The navigator can be used to start many applications. Those of interest to us are mainly the Jupyter Notebook reader and a terminal shell. The advantage of starting a command shell from the navigator is that all the environment variables are already pre-configured for Python. On Windows, we recommend using the PowerShell Prompt over CMD, as the former provides command line editing and history and is therefore more user friendly.
The notebooks for the Workshop are available from github (right where you now are :-). You can download the material for the workshop at:
https://github.com/INMAS-Math/Workshop-01.git
Click on the code icon to get a zip file containing all the material. Alternatively, you can use a command line and git
to clone the code as follows:
git download https://github.com/INMAS-Math/Workshop-01.git
Note that if you were a contributor to the code, you would use clone
instead of download. This would transfer all the metadata to your computer and allow you to push changes that you make to the code.

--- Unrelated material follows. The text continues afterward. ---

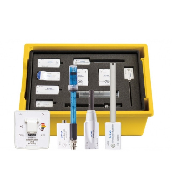 Sensorium Chémia 4.1 - sada bezdrôtových senzorov PASCO v žltom boxe, prispôsobená pre hodiny Chémie. Sada obsahuje: bezdrôtový senzor teploty, bezdrôtový senzor pH, bezdrôtový senzor CO2 s príslušenstvom (polopriepustný návlek s vodotesnou objímkou na meranie rozpusteného CO2, ktorý prechádza cez membránu na monitorovanie napr. fotosyntézy alebo dýchania vodných rastlín a živočíchov), bezdrôtový senzor vodivosti, tlaku, bezdrôtový kolorimeter a turbidimeter, plochú pH elektródu a ORP elektródu, USB s 46 žiackymi úlohami, tlačenú metodiku a jednoužívateľská licenciu softvéru SPARKvue.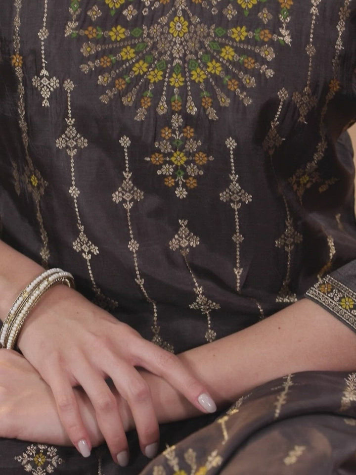 Our 3-piece charcoal grey woven design silk blend suit set features a straight-fit ethnic woven design kurta with a V-neckline, three-quarter sleeves, and a statement yoke. Complemented with trousers with a fully elasticated and roomy pockets, and a dupatta. Adorned with tassel detailing, this style is perfect for light festivities.

If not already present on your computer, the git
source code management tool (SCM) can be downloaded and installed from git-scm.com.
Start the anaconda navigator and launch the Jupyter Notebook interpreter by clicking on the Launch button of the icon shown here.
The Jupyter Notebook interpreter will start a virtual web server on your computer (localhost) that will be visualized through your default web browser.
The opening page will show the files on your computer. By clicking on the directories, navigate to where you saved the notebooks from Workshop-01 of INMAS. As before, '..' stands for returning to the parent directory. Note that unlike other navigators (e.g., Explorer) a single click is necessary to open a directory.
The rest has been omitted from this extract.